• _What is needed_: With the pictures left out, write out exactly the lines of the listing below that run from the line with "Features: Kitchen Automatic" through the line with "공의회가 열리는 성 베드로 대성당으로 입장하는 주교(교부)들의 행렬.".

• _The records_:
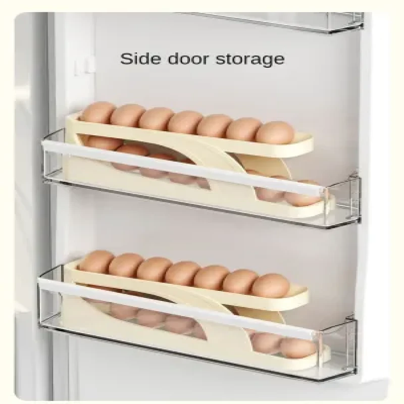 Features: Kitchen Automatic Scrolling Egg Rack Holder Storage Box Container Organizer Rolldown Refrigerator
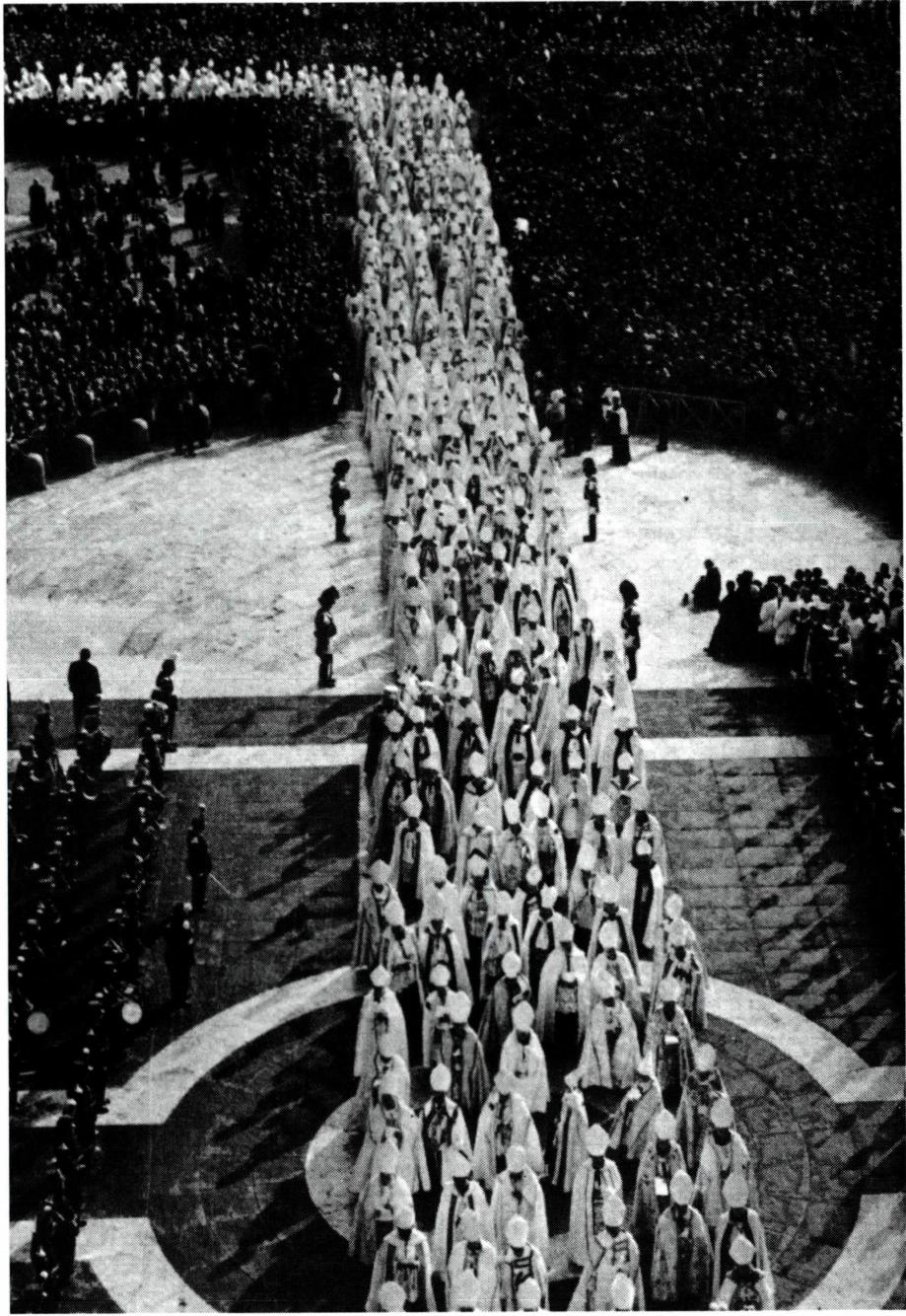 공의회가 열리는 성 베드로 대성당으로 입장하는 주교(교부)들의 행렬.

...

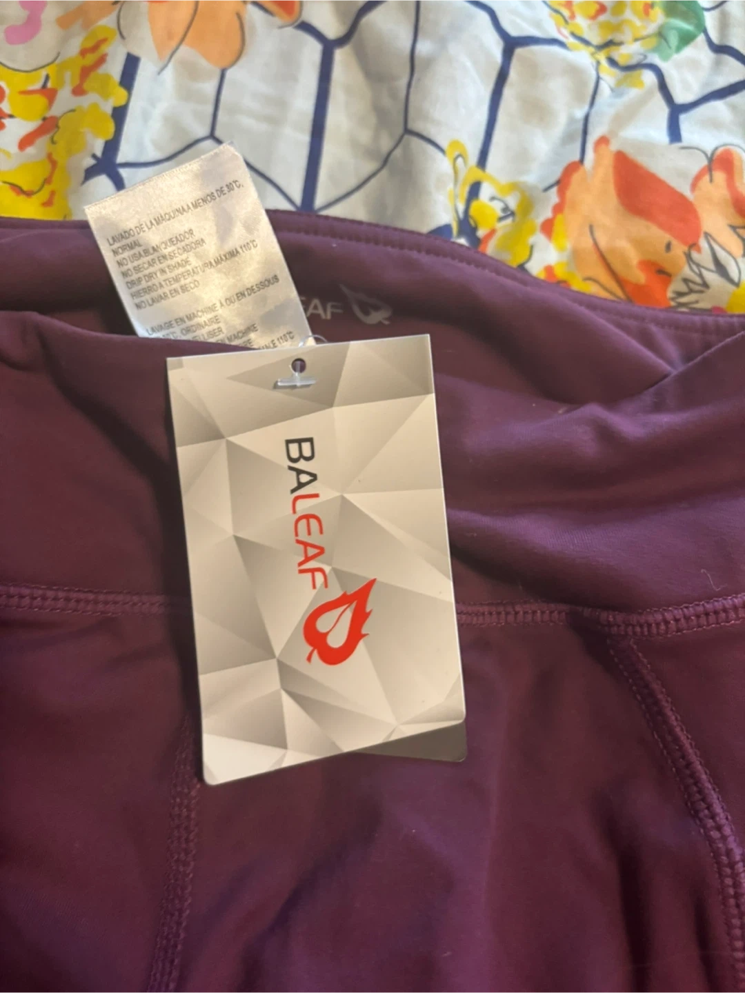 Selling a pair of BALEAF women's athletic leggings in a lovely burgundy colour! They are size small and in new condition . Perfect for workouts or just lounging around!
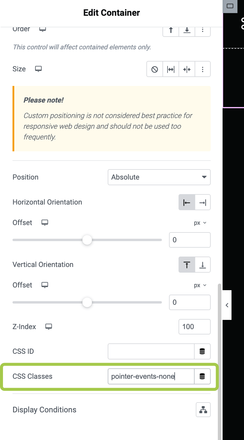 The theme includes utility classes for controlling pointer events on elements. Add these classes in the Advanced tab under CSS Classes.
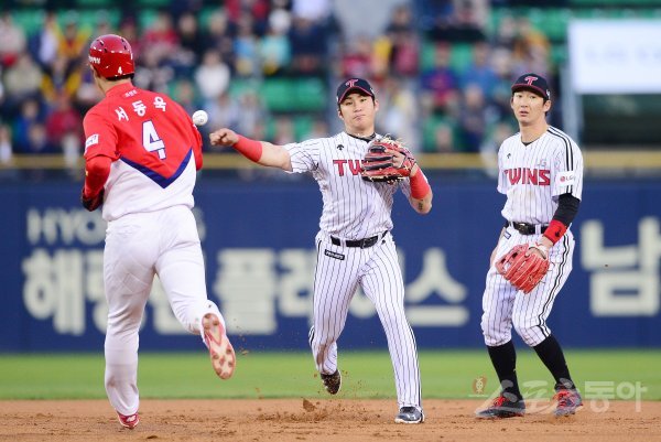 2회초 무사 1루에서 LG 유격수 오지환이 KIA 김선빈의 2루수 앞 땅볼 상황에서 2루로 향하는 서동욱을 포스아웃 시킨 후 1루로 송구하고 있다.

• _Result for this task_:
 Features: Kitchen Automatic Scrolling Egg Rack Holder Storage Box Container Organizer Rolldown Refrigerator
 공의회가 열리는 성 베드로 대성당으로 입장하는 주교(교부)들의 행렬.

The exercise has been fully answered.